The Air Conditioning Contractors of America is the industry organization responsible for developing a method for calculating residential cooling loads. The result is the Manual J. Professional contractors should use it to determine the proper size of any home air conditioner they plan to install. Manual J takes into account numerous factors including the average geographical temperature, type and amount of insulation, ceiling height, exterior construction materials and square footage.

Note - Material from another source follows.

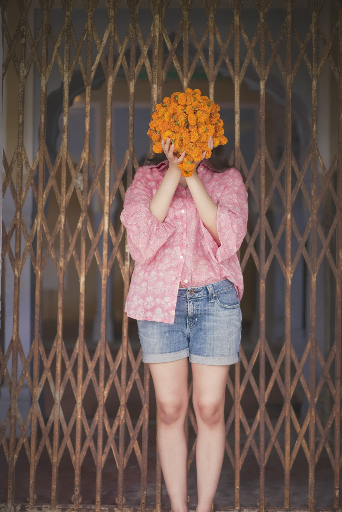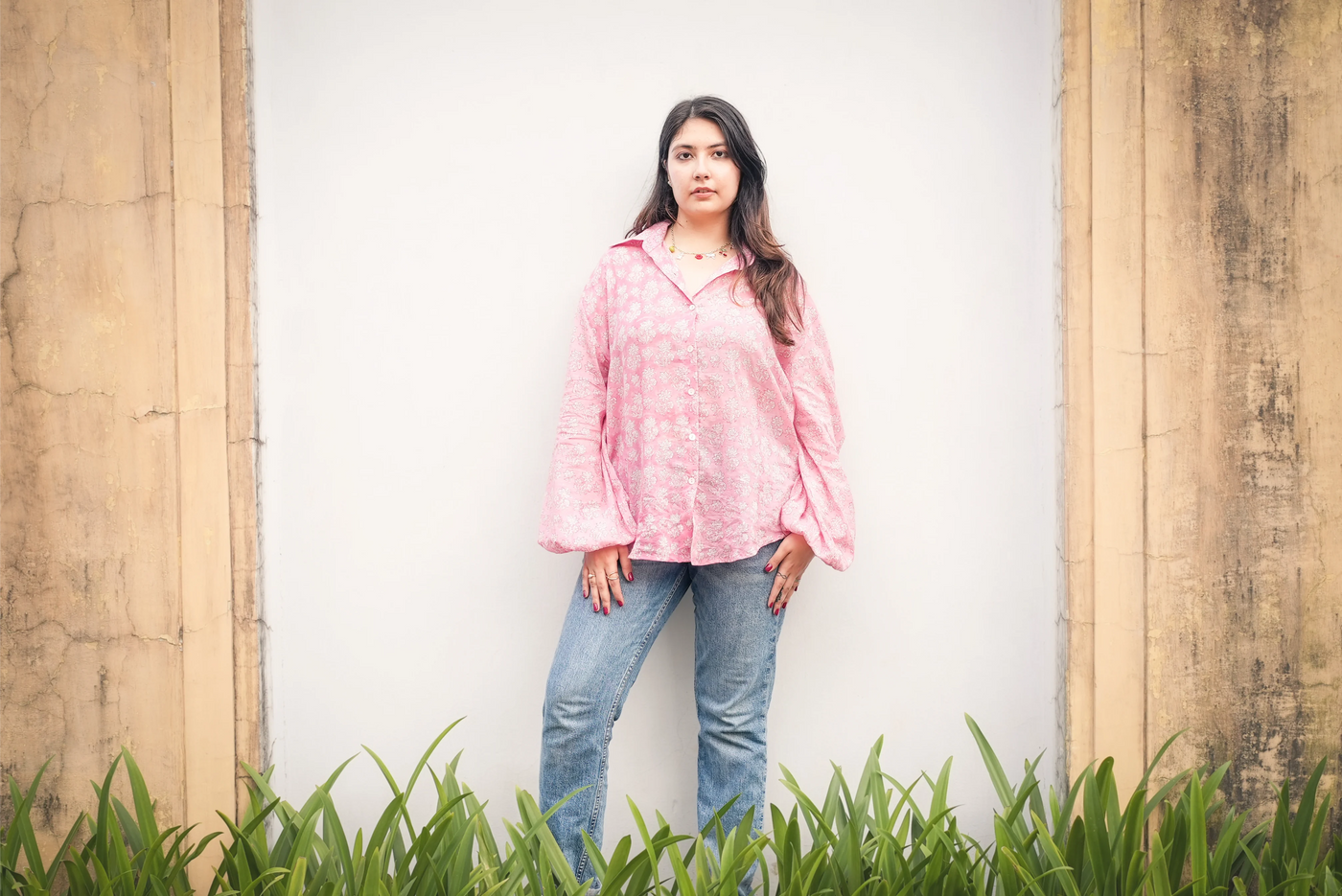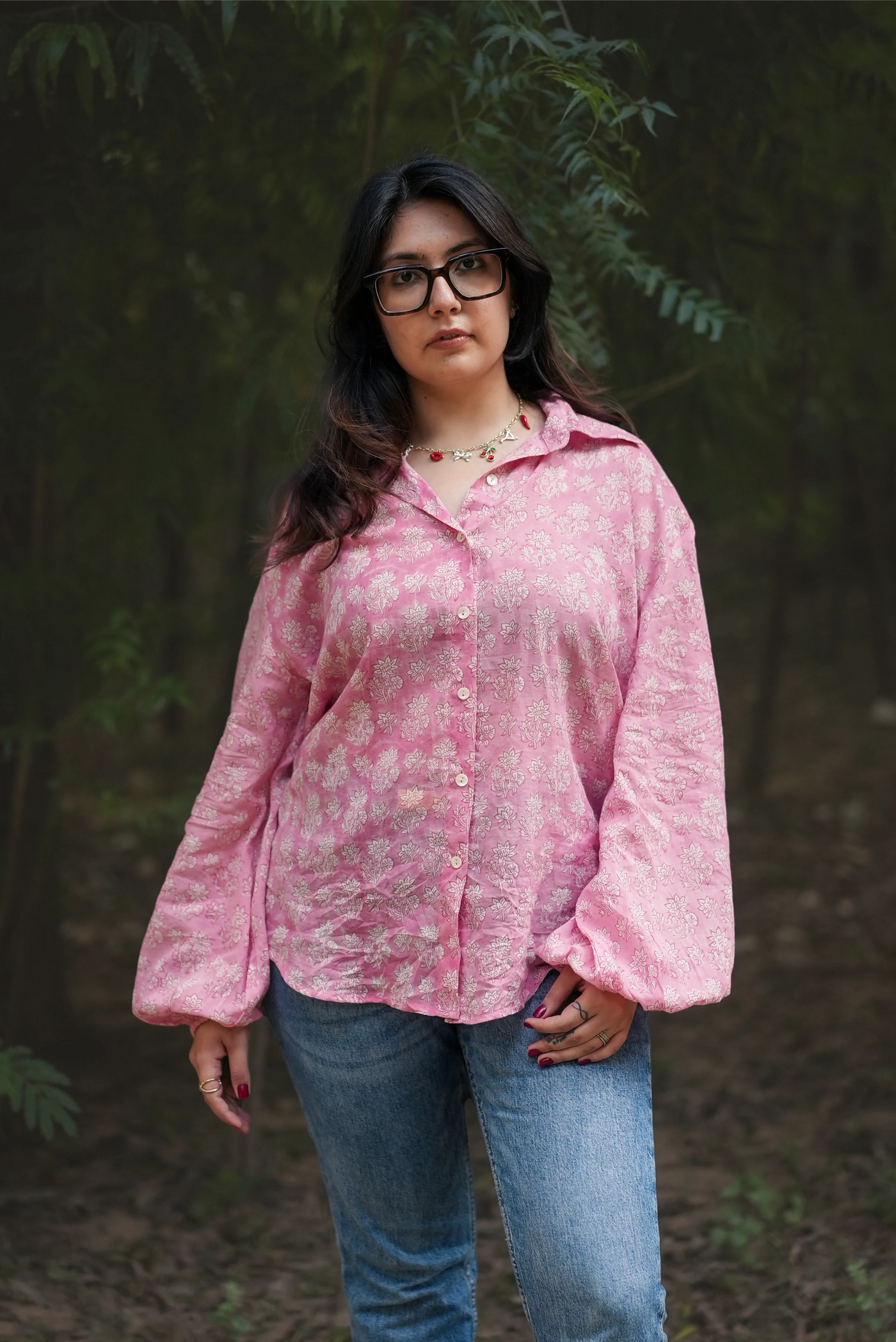 Muslin Bloom, where comfort turns into poetry. Woven from air and ease, this pink hand-block printed shirt drifts like a petal in spring wind. Its billowing sleeves echo laughter and light, gentle and free. A bloom you wear, soft against skin, softer in spirit.

Most do-it-yourselfers don't have access to Manual J, nor to the sophisticated tools available to professional installers. Still, armed with a tape measure and hand-held calculator, most people can make a relatively accurate estimate of their cooling needs. The process is simple--measure the length and width of the room to be cooled and multiple the two factors to get the square footage of the room. Repeat the process for each additional room that is to be cooled and add all of the sums together to get the total square footage that requires cooling.
BTU to Ton
A ton of cooling capacity is equivalent to the cooling effect of a ton of ice melting over a 24-hour period. However, most air conditioning units today are measured in British thermal units, so a little conversion math will be required. Twelve thousand BTUs is roughly equivalent to 1 ton of cooling capacity. A well-insulated room with 100 square feet will require a 4,000 to 6,000 (a half ton) BTU air conditioner while a 12,000 BTU (one ton) unit can cool up to 500 square feet. A 2-ton (24,000 BTU) central air conditioning unit can effectively cool a 1500 square-foot residence.